# Car Accident - Question



## mangastrings (Dec 2, 2012)

I recently one early evening was driving in dubai on a 4 lane highway at regulation speed, and after changing lanes after several seconds, was hit from behind by a drunk, speeding (double speed limit) driver. No injuries on both sides thank goodness but massive damage to his car. However I understand that I have been blamed for causing the incident, and with causing serious damage of two cars. This is now going to court and I understand the penalty is 1 year in jail and/or 10,000 fine...... I have no idea what to do as it is all in arabic.... any ideas? thanks


----------



## woodlands (Jan 13, 2010)

Settle out of court if its an emirati or gcc guy, settle otherwise too...
Hitting a car in trunk is automatically the rear guy's fault. Since its gone to court, either you did not report to police or they knowingly went against the general rule. So your prospects in court would be dim. That's what it appears like prima facie.
If u feel an injustice has been knowingly served, don't fight it


----------



## Moe78 (Oct 29, 2010)

It usually depends on whether the guy was a local/GCC or expat. Some expats might have some influence but generally it's the locals that get away with such offenses if they have connections and sometimes even if they don't. 

Welcome to Dubai


----------



## Gavtek (Aug 23, 2009)

What did the police say when they arrived? What colour of slip did you get from them?


----------



## swad (Nov 21, 2012)

I never felt any injustice from police side. Rather they are really friendly, professional and helpful.


----------



## Lullalu (Oct 28, 2012)

Surely if the other driver was drunk it was his fault? Did you get the green paper?


----------



## mangastrings (Dec 2, 2012)

The other drunk driver was from a country just outside the GCC, I followed correct post accident procedure and after the police and others arrived, they were asking questions, analyzing the situation etc etc... after some time of the other drunk driver being in their police car, I was asked to make my way to the police station having been given no police report. 

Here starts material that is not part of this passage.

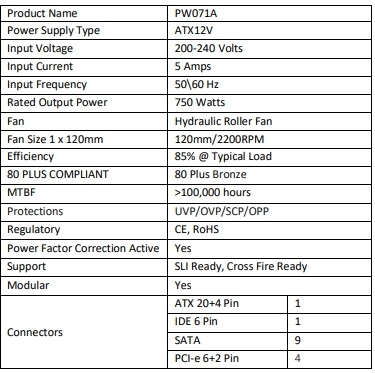 ● PW071A ดี ออกแบบโดยใช้ Power Factor Correction (PFC), 12V รางเดี่ยว และ LLC Resonant ต่อวงจรโดยควบคุมให้แรงดันกับกระแสไฟฟ้าอยู่ในค่าที่เหมาะสม ลดค่าความผิดเพี้ยนเพื่อให้ได้พลังงานสะอาด เสถียร และมีประสิทธิภาพสูง มากกว่า 90% (50% Load) ได้รับใบรับรองจาก 80 plus อย่างถูกต้อง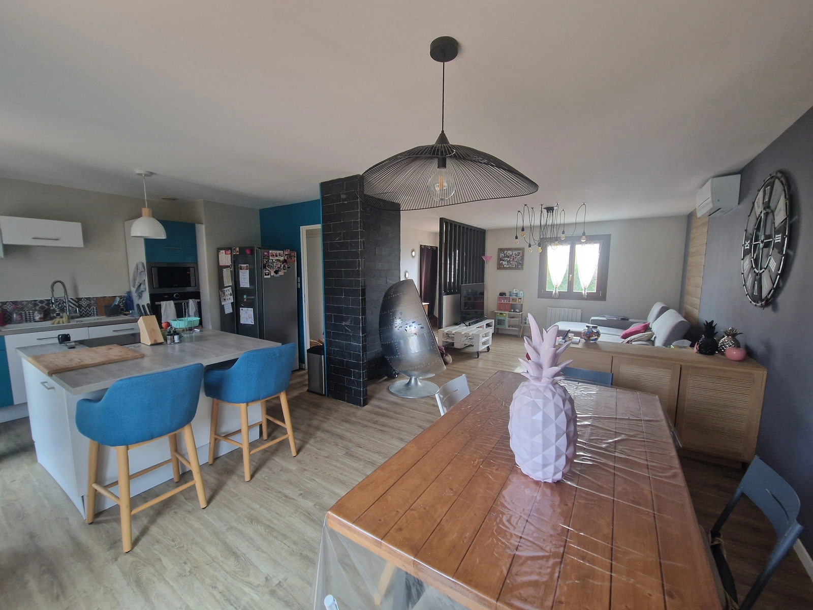 Les combles aménagés en 2000 offrent une vaste mezzanine, idéale pour créer deux chambres supplémentaires ou profiter d'une très grande salle de jeux lumineuse selon vos besoin.

After arriving I was asked for someone to bring my passport, as the other driver was in fact drunk, BUT the accident was my fault, even though I had been at regulation speed, hit at back corner, spun around by a speeding drunk driver. 

As mentioned above, the prosecutor has found me at fault of causing serious damage to two cars (one being my family members I was driving). and the penalty for this is 1 year in jail and/or 10,000 fine...


----------



## Moe78 (Oct 29, 2010)

Still makes no sense how it's your fault.....sounds like he had connections?


----------



## Gavtek (Aug 23, 2009)

There just seems like there's lots of missing information here. Didn't you challenge what they said at all, how did they justify it?


----------



## mangastrings (Dec 2, 2012)

I now have some assistance involved, he does say that IF i am found guilty the worst i should expect is a large fine. I was given some basics translated that - I caused serious damage by changing lanes without care.... after me and my passenger explaining I safely maneuvered across and then was traveling in the next lane for over 4-5 seconds (* 4 lane road so the other driver could have moved either 4th or 2nd lane). of course looking at things, he hitting me from back corner, drunk driving, massively excessive speed as the causes.... you kind of feel totally helpless


----------



## Gavtek (Aug 23, 2009)

At no point did you say "now can I just stop you there kind sir and enquire what the devil do you think you're doing? This guy is obviously drunk and drove recklessly into the back of my car. What grounds do you have to apportion any blame whatsoever to myself? Please present to me your superior officer immediately"?


----------



## mangastrings (Dec 2, 2012)

I was informed by the actual captain who was on duty, so came from the top. And was told this information. Next thing we know I am being prosecuted for all the above...... As an expat, it does worry me...


----------



## Moe78 (Oct 29, 2010)

WTF! Still makes no sense! Sounds like the other guy had some connections then!


----------



## mangastrings (Dec 2, 2012)

Who knows, what can a person do in these situations? We could have been killed and I am now under massive pressure being accused and with penalties so severe (I am a family man with baby, new start up biz etc etc).... Lets hope the team helping me can resolve this... Thanks for your continued support  it does help...


----------



## Jynxgirl (Nov 27, 2009)

Do you have any locals that you work with/connected to in any way? I would suggest asking about his family name and any information that they can find out about the individual.


----------



## mangastrings (Dec 2, 2012)

We have access to the case file with all names involved yes... There does not seem to be anything obvious that has been brought to my attention no... The other car was a rental car driven by the drunk driver.


----------



## Chocoholic (Oct 29, 2012)

I would be asking serious questions over how a drunk driver, who causes an accident is being apportioned no blame! Don't sit there and take it, you need to get a good lawyer and fight this all the way.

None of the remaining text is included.